Understand that when one door closes another opens. Trust life. Insecurity invites you to be alert and not worried. It tells you to be creative and not complain. One has to know how to take it easy and float in life and not fight with life. You can’t fight with the waves but you can learn to float.
Change your emotions.
The quality of your life is the quality of your consistent emotion. When your emotion is low, just change it; think of a happy incident.
Change your values.
Have values that connect to goodness and connect to people.
What should be my psychological exercise?
  • Always stand and sit erect. “If you want to be a colonel, walk like a colonel,” is an expression in the army.
  • Keep the body posture like that of a winner.
  • Keep your mind filled with positive thoughts.
  • Keep your emotions on the top of the world.
Exercise yourself and keep the above alive in you; see and picture yourself doing this.
Fear is a hard way of making your life miserable. Fear is a fantasised experience appearing real.
There are many types of fear. Lots of people have a fear of failure, fear of death, fear of insecurity and fear of rejection.
Come from a commitment that failure is only a postponed success. Come from the understanding that failure is a fertilizer to success.
If you bring this energy into your life, it will give you methods of handling fear of failure.
Also understand that fear is a movement of thought. Thought is nothing but a movement of the mental word. If you get identified with a fear which is actually just a thought, which again is just a word, then this identification makes you a prisoner of fear.
Also, this thought-fear unconsciously pulls in the previous memories of fear and with the past fears, a snowballing effect happens.
So when fear happens, just become totally aware and don’t get identified with that thought. With wordless awareness, just watch. This watching will not allow the previous fears to have a snowballing effect. This is called as objective watching.

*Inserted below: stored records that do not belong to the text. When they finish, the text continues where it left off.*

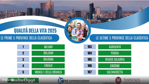 Milano conquista nuovamente il primo posto, con ottimi risultati nella dotazione di servizi, reddito, gestione delle infrastrutture, vitalità del tessuto produttivo, seguita da Bolzano e Bologna, nell’Indagine annuale sulla qualità della vita 2025 nelle province italiane, realizzata da ItaliaOggi e Ital Communications, in collaborazione con l’Università Sapienza di Roma, giuntaalla 27ª edizione. Rispetto alla classifica dello scorso anno, per Milano e Bolzano si tratta di una conferma, mentre migliora Bologna che sale di una posizione. Due passi indietro, invece, per Monza e della Brianza, mentre si segnala un significativo avanzamento in graduatoria di Rimini e Ascoli Piceno, rispettivamente al 12° e 15° posto, con oltre venti posizioni guadagnate rispetto al 2024. Ancora in fondo alla classifica Caltanissetta (107ª), preceduta da Crotone (106ª), che scende di cinque posizioni in un anno e Reggio Calabria (105ª), che invece conquista un posto. Da rilevare, in negativo, Foggia, che passa dalla 93ª alla 104ª posizione in classifica, Pordenone dalla 9ª alla 23ª e Gorizia dalla 26ª alla 52ª.
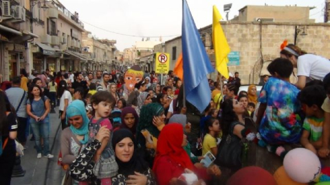 Mardin merkez Artuklu ilçesi tarihi Birinci Cadde'de Suriye ve Iraklı çocukların katılımları ile başlayan festival, renkli görüntülere sahne oldu. Cadde boyunca tahta bacak, yüzleri boyalı çocuklar, palyaço ve ellerde taşınan renkli şemsiyeler yerli ve yabancı turistlerin ilgisini çekti.
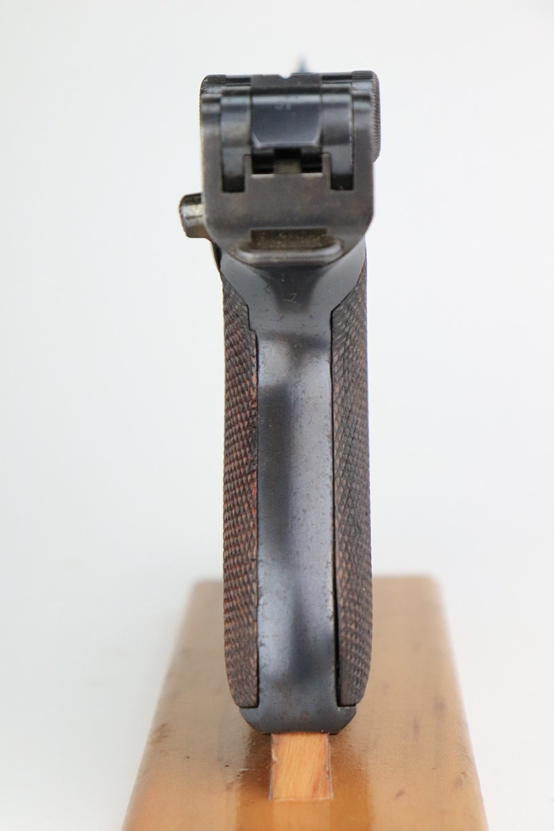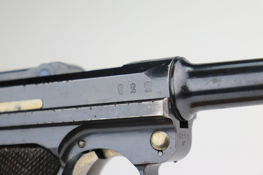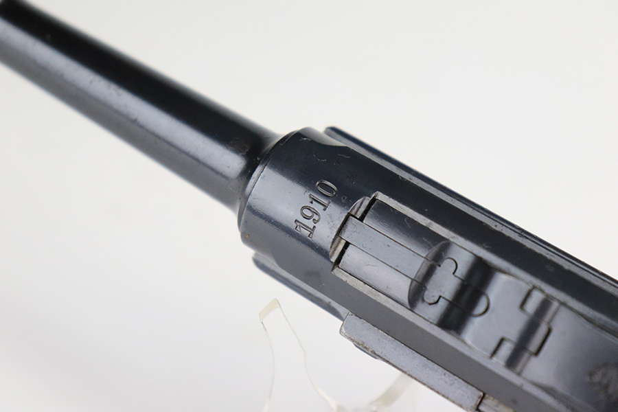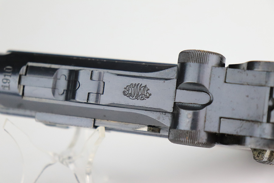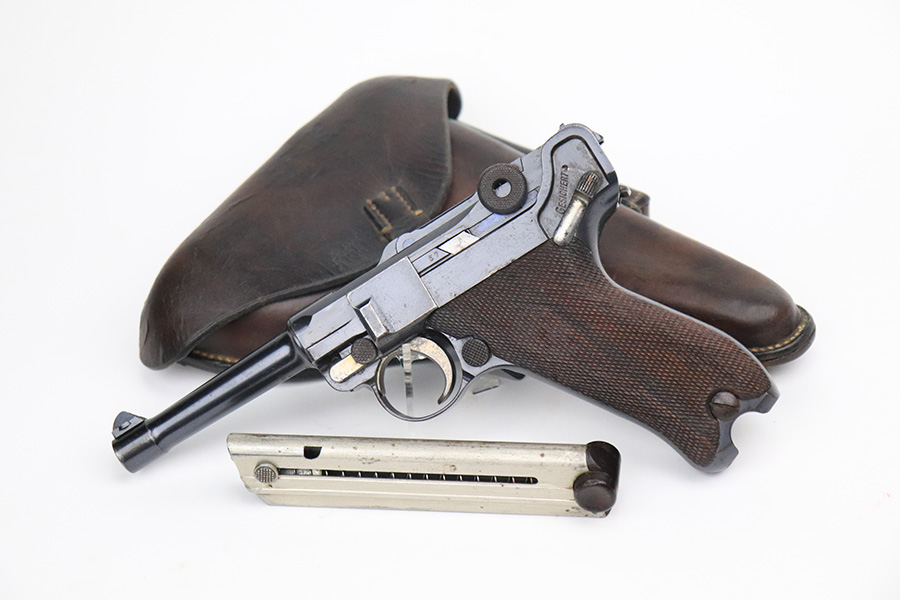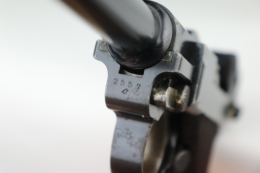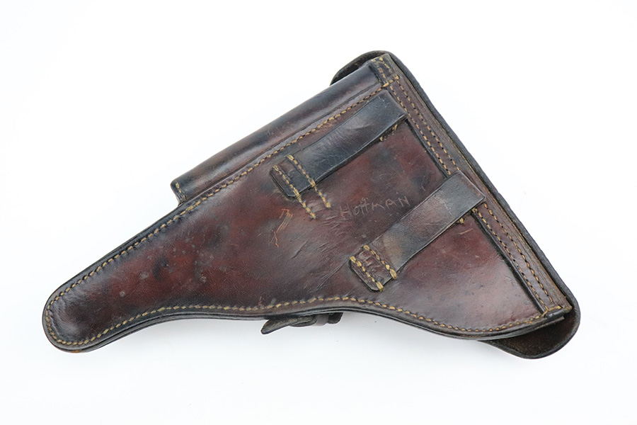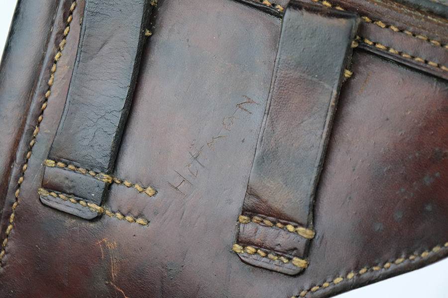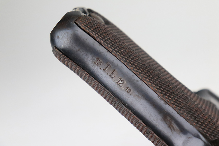 6/22/22 – This is a scarce, early DWM Luger from 1910 with a “13.T.L.12.10.” military unit marking on the front strap. There were only 20,000 military produced DWM Lugers that year, and only about 20% of those are estimated to be unit marked. The majority of the unit-marked 1910 DWM Lugers went to the cavalry. This one has all matching numbers, including the original grips. It comes as a rig with a 1911-dated holster and an early wood bottom magazine that is mismatched to the gun. The leather of the holster is fairly dry and starting to crack is some areas. The name “Hoffman” is lightly scratched on the back. The gun itself has retained about 96% of its original finish. Very minor wear on the side plate, side rails, and around the muzzle. There is some light scratchy wear and a small dent on the front strap. While there is not much actual finish loss, there are tiny dots of oxidation throughout, most noticeable on the grip straps. The bore has good rifling with minor frosting in the grooves. No added hold-open.

How does one handle the fear of insecurity?
You feel insecure because you have a concept of what is security and from that concept you are seeing life. Anything that does not fit that concept makes you insecure.
If you have an adventurous energy in you then insecurity is a great adventure for you to explore. You will have fun with that insecurity. It is like a hunter hunting in the forest, even though it is dangerous he enjoys it.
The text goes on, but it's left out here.